I continue tomorrow my day today, little changing, likely not even the weather. My only hope is that I do not again wake up at three thirty. I think when I get older I will handle it well. For a 29 year old it is not the appropriate time to arise.

morning

Bright shines the sun, robins three bounce on the ground, turning their heads, looking for breakfast. Whoosh, whoosh, whoosh, whoosh, a raven flies over low. It is going to be a warm day, a day for a run or hike. Saplings which were not around last fall now are attacking the air, trying for their chance to join the forest. The cedars and oaks I celebrate, the small pines make me feel sad, a touch short life they will likely live when the bark beetle returns.

I am not very adept at early mornings. Seven o’clock I do great, six o’clock is wonderful, there are few times my mind works as well as it does at five in the morning. Three-thirty, however, is far too early, and I have not become good at waking and doing at such an hour. The time changed yesterday, spring forward, and my body knew it was supposed to do something different. Something happened which prompted a change of habits. The tendency should be to sleep later than I’ve been, as my body adjusted to changing clocks. It made a mistake this morning, waking me up earlier, much earlier.

The bounty of this was the moon, near full and very bright illuminating the living room, making shadows of the trees outside fall onto the furniture. I stood for a moment, got some water, and tried to read a while.

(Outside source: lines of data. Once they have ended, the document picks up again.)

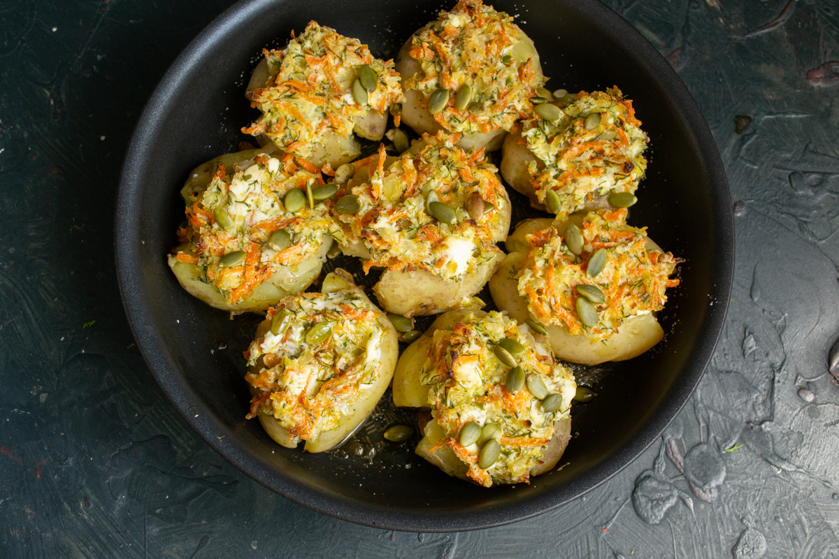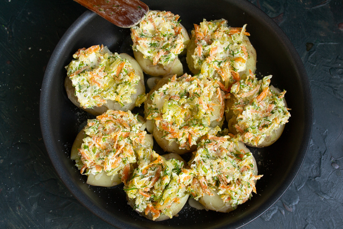 Способ приготовления запеченного картофеля с творожным сыром и овощами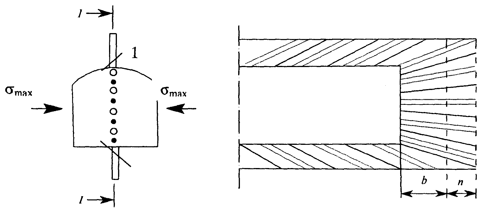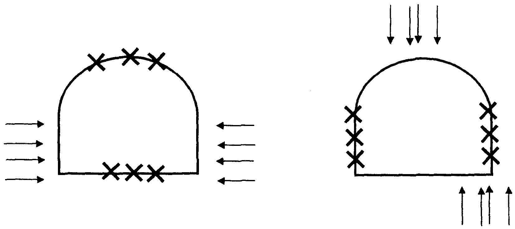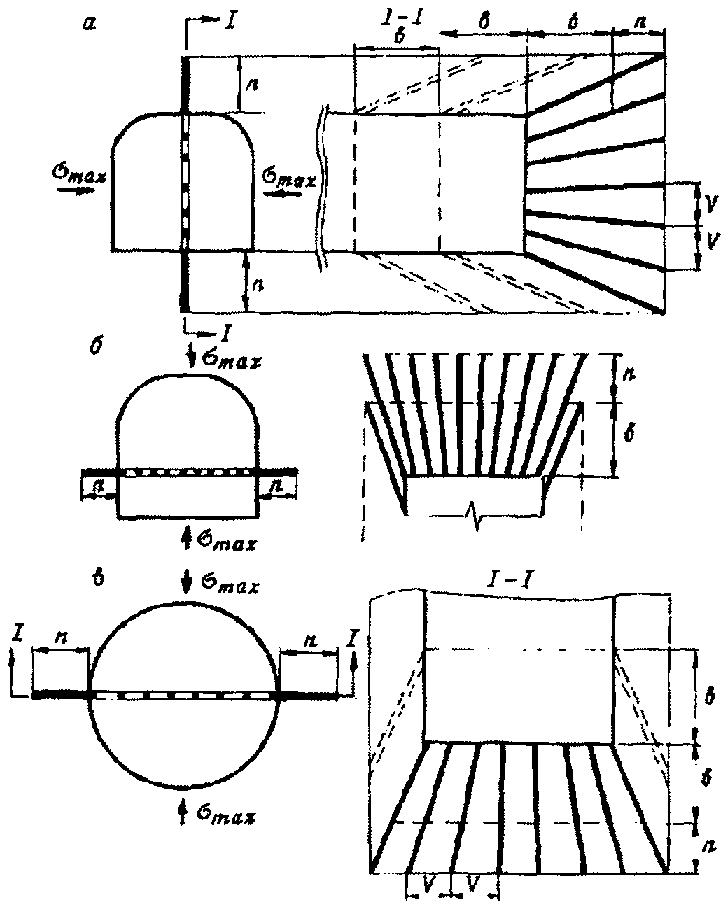 По визуальным наблюдениям можно сравнивать степень напряженности отдельных конструктивных элементов системы разработки и ориентировочно определять величину и направление действия наибольших напряжений в нетронутом массиве пород. Ориентировка участков разрушения пород в сечении выработки относительно наибольших сжимающих напряжений изображена на рисунке 10.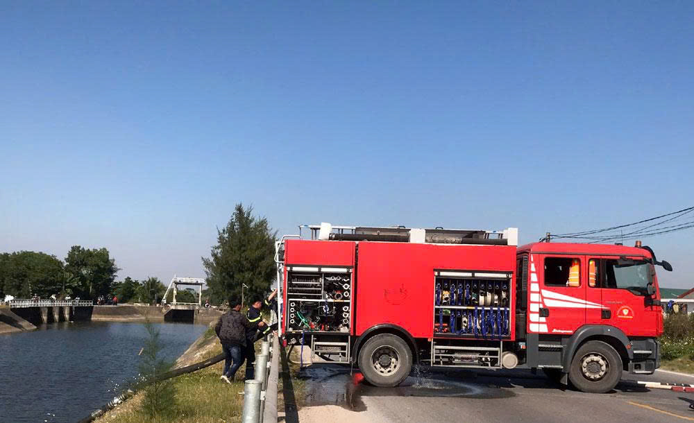 Nước được chữa cháy được lấy ngay ở con kênh phía trước công ty.
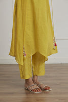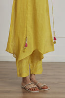 Mustard Yellow Silk Chanderi Kurta Paired With Silk Pants And Dupatta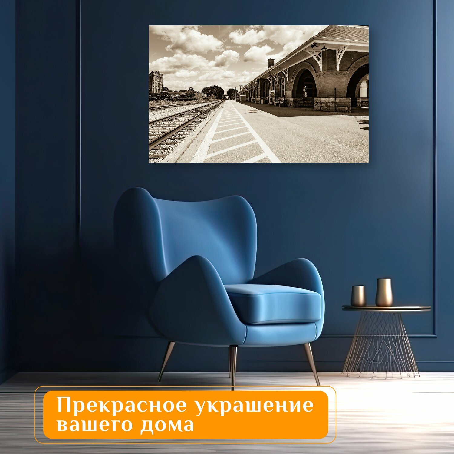 Картина на холсте "Железная дорога, железнодорожный вокзал, железнодорожная станция" на подрамнике 120х75 см. для интерьера информация: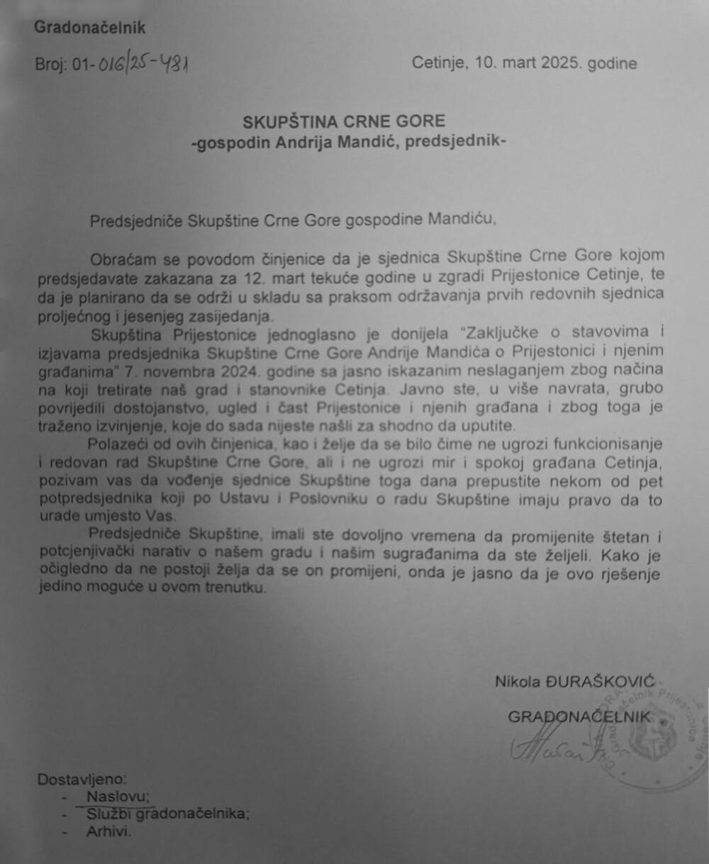 "Obraćam se povodom činjenice da je sjednica Skupštine Crne Gore kojom predsjedavate zakazana za 12. mart tekuće godine u zgradi Prijestonice Cetinje, te da je planirano da se održi u skladu sa praksom održavanja prvih redovnih sjednica proljećnog i jesenjeg zasjedanja", istakao je Đurašković u pismu Mandiću.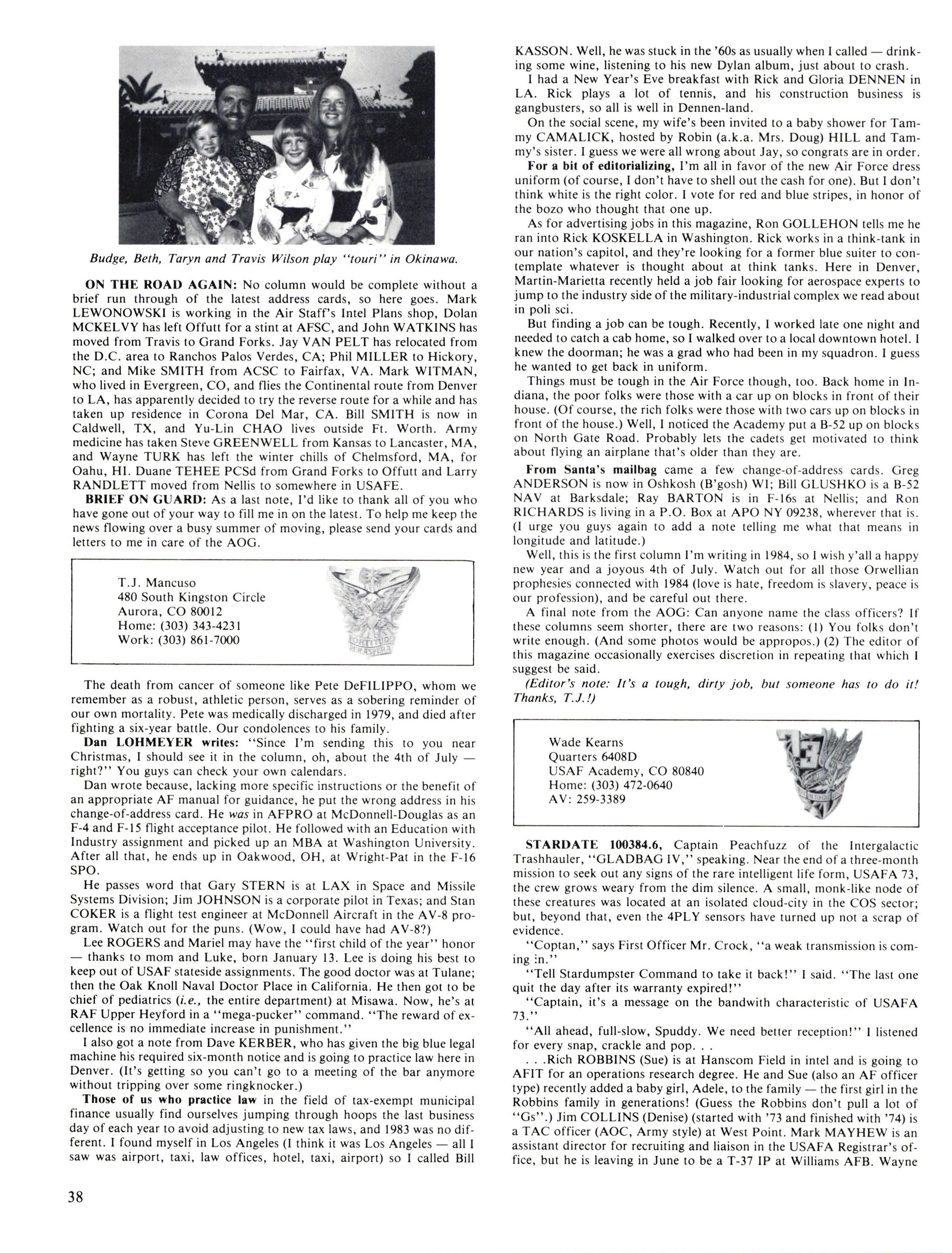 The last news this quarter comes via the change-of-address cards. Todd JOHNSON now lives in Williston, ND, and Chris WILSON is at MacDill. Naranja, FL, can claim Craig OLSON as a resident, and Steve TALLEY moved to MacDill. Dennis DELANEY moved from San Antonio to Vance, so I’d say chances are pretty good he’s an IP there. Chip DORMAN checked in from Shaw, and Don POWELL is at Bergstrom. Tim HOPE sent a card all the way from Japan. Dave COOLEY said Hi from Mt. Home, and says he’s married to Sheyla AVELLAN, ’83. Bob DEES lists an address of Sacramento, while Mike EAYRS wants his to read Grand Forks, ND. Greg KNIFF is in Navy Special Warfare at NAB Little Creek, VA, and Kevin CRENWELGE now resides in Big Springs, TX. John NORTON is at Pope, Sally DUGGAN is at Bergstrom, and John AMRINE and Sandy MALONEY sent cards from Sunnyvale. Dan HARRIER is now at KI Sawyer, and is married to Lourdes Campos of Del Rio. Kevin CASSIDY lives in Ft. Walton Beach, while Mark SMITH dropped a line from Luke AFB. Bob DIONNE must be at PIT (Randolph address). Ed JARRETT is a Q-model tanker pilot at Beale, and Luke KEALY is stranded on Clark in the PL Steve HERZ1G is stationed at Edwards doing fit test engineering. My last card is from Glenn JAMES, who works in the weapons lab at Kirtland.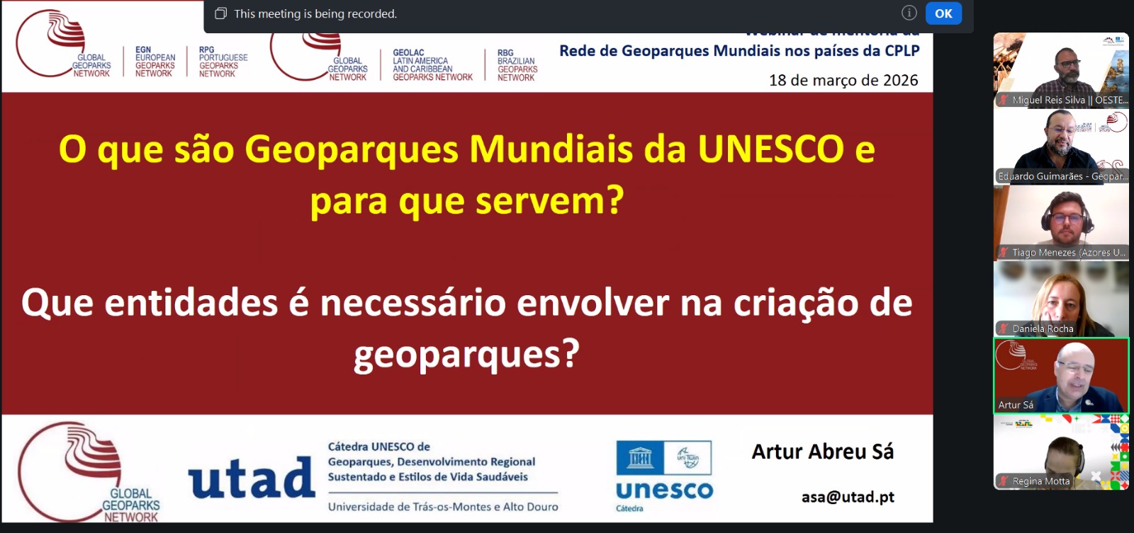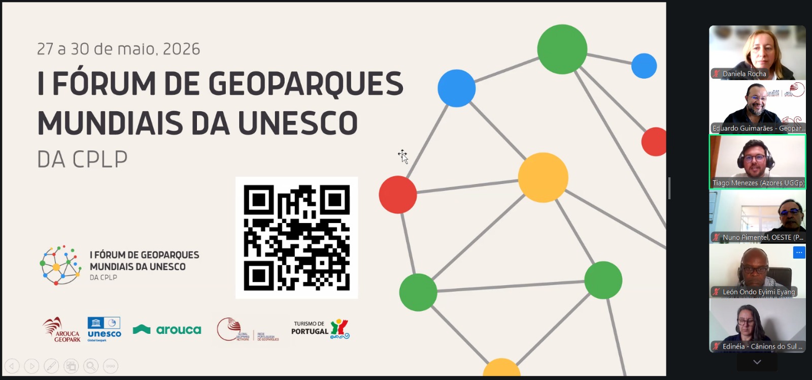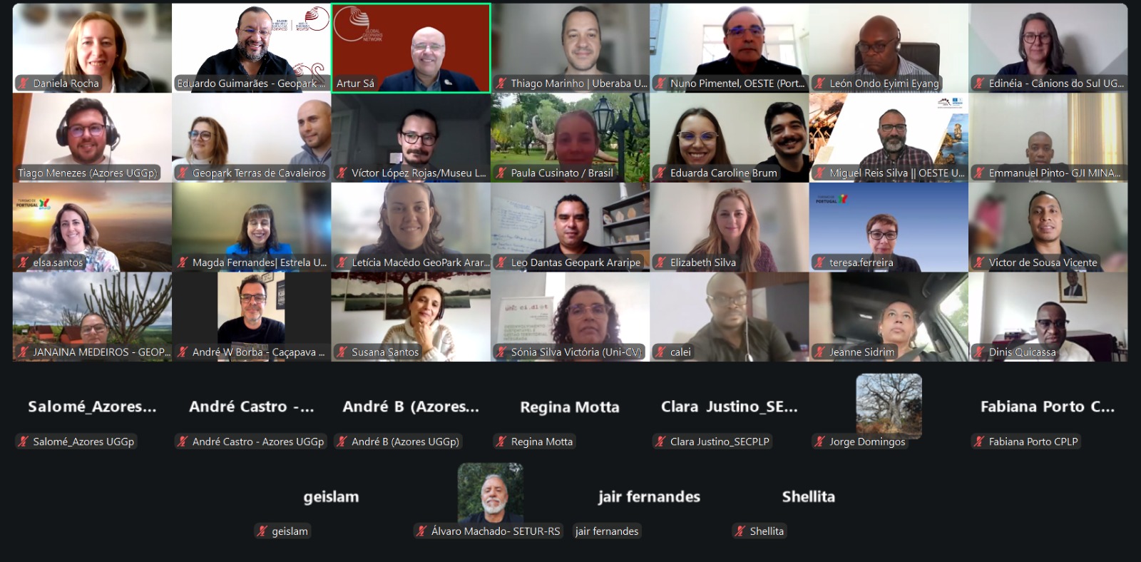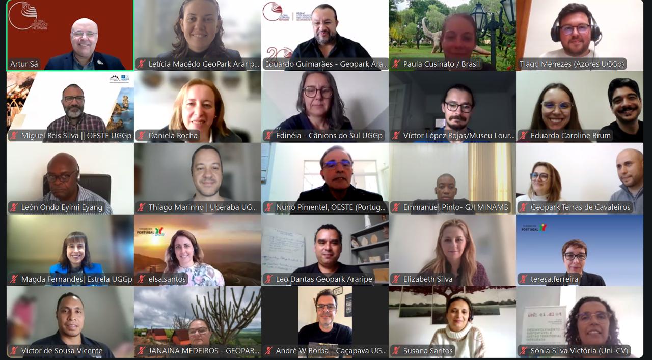 O webinar contou com a participação de lideranças da GGN e representantes nacionais e representantes de diferentes geoparques que discutiram sobre governança e desenvolvimento.
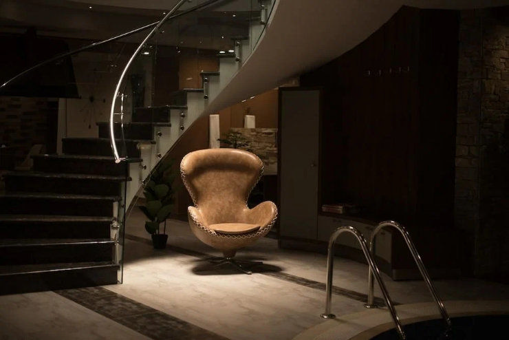 Дизайн интерьера, кухня и сервиз на высшем уровне! Очень комфортно мы отдыхали в бассейне и сауне!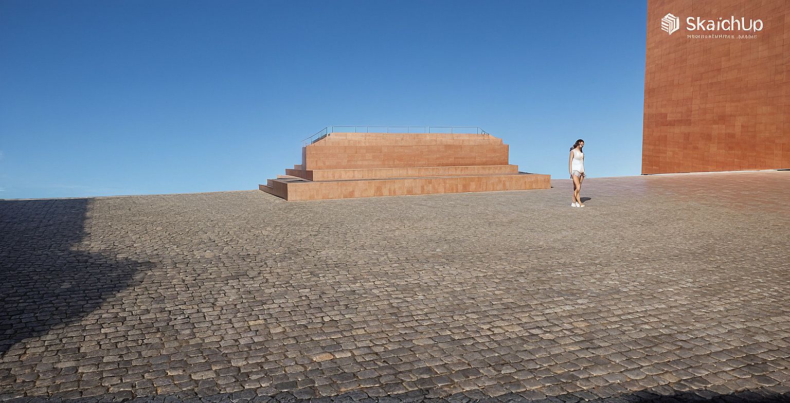 PromptPhoto of a modern architectural platform featuring a raised structure with a textured terracotta facade and a minimalist concrete base. Surrounded by cobblestone paving, the scene includes a figure for scale, enhancing the architectural context. Bright daylight casts soft shadows, illuminating the materials. Captured from a low angle to emphasize the height and depth, using a wide-angle lens to encapsulate the surrounding space and perspective, creating an inviting and striking visual impact.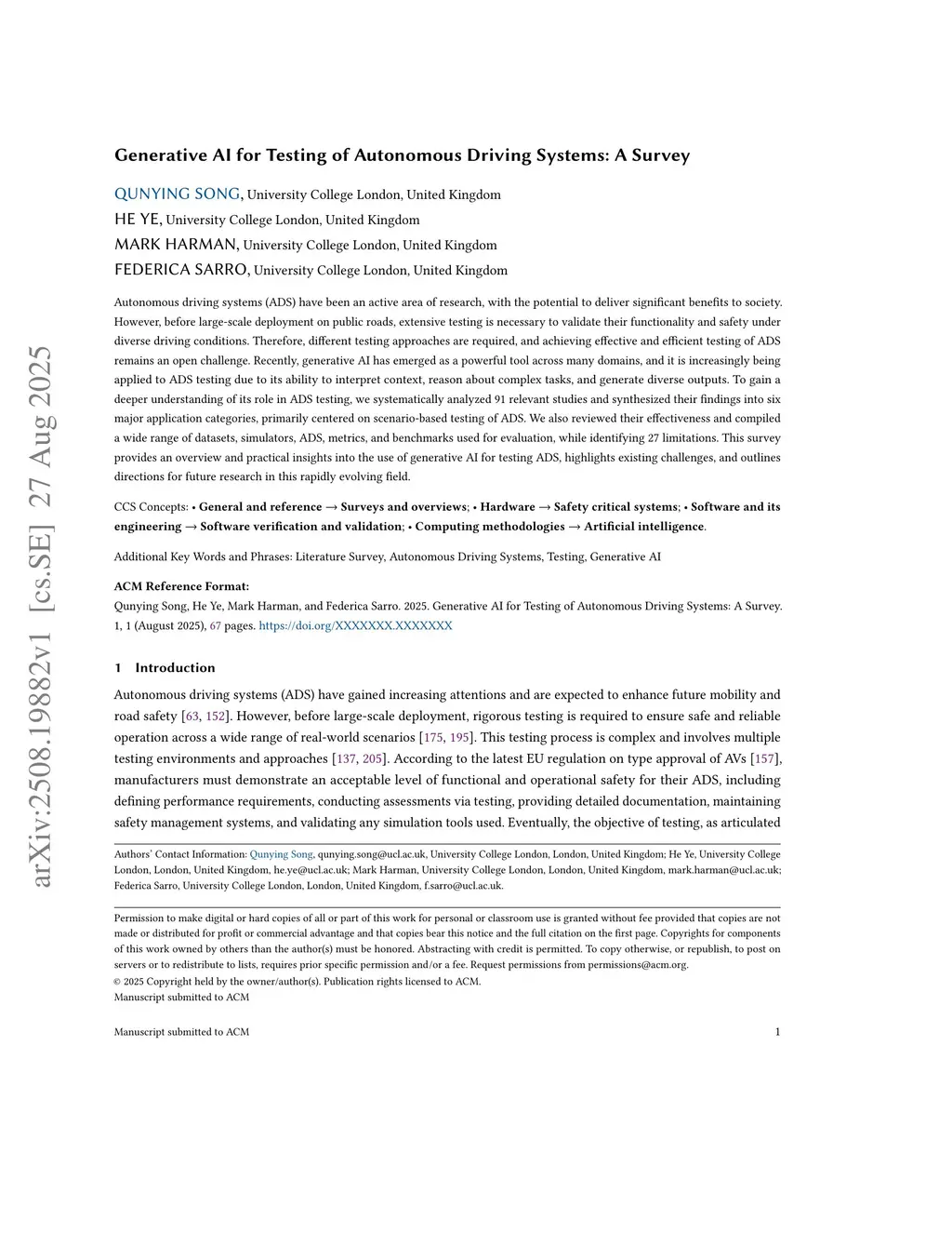 Generative AI for Testing of Autonomous Driving Systems: A Survey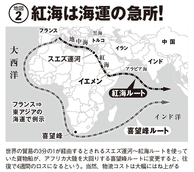 このリスクを回避するため、石油大手シェルなど多くのグローバル企業が海上輸送ルートを変更。IMF(国際通貨基金)の推計によれば紅海と地中海を結ぶスエズ運河を通航する船舶は約40%減少し(1月1日~16日)、テスラやボルボは部品不足で自動車生産の一時停止を余儀なくされた。
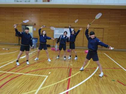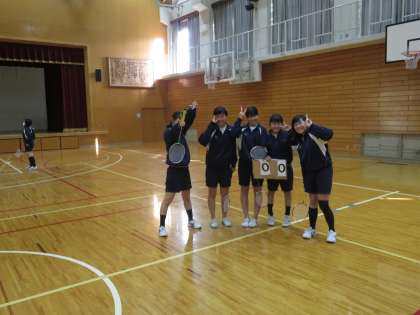 3年生女子がバドミントンの授業です。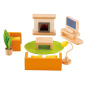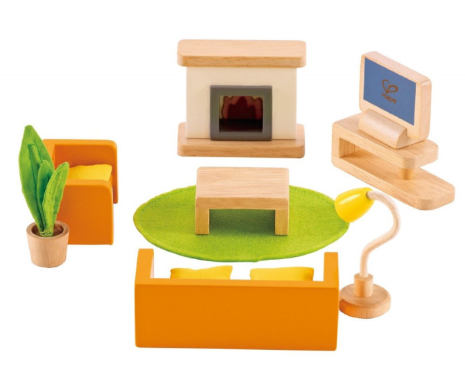 Foster imaginative play or use these nine pieces for sand tray. From Hape, set includes coffee table, easy chair, fireplace, sofa, media stand, big screen TV, rug, plant, and reading lamp. The chair and sofa have cloth cushions; the bendable plant and gooseneck lamp are posable. Made from Baltic Birch, Rubberwood, and Maple, this media room will last for years.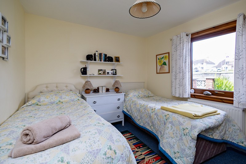 With a window facing the rear of the property this bright room enjoys scenic views over beaches and sea. There is a feature wall-papered wall. Benefitting from build-in wardrobes with bi-folding doors there is both ample hanging and shelving storage. A TV bracket is fitted to one wall and there is also a pendant light fitting and radiator.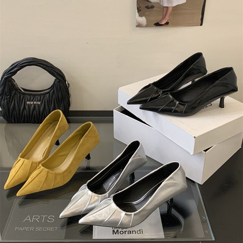 2025 New Pointed Pleated High Heels for Women French Style Professional Soft Surface Small Heels Versatile Low Heel Cat Heel Single Shoes

That didn’t work, nor did sleep. Instead, I got up at four thirty, wrote a goodly amount, and then fell back into bed. A better sleep I haven’t had for a while. Lovely, encouraging, though now it is far too late for this present task.

There is a middle ground out there, and for some reason in all of life I have a difficult time finding it.

More writing, more meditating, more prayer and trust. That is the day. A change of pace yesterday helps me to focus this morning. I pray it goes along as well as I hope, same for everything.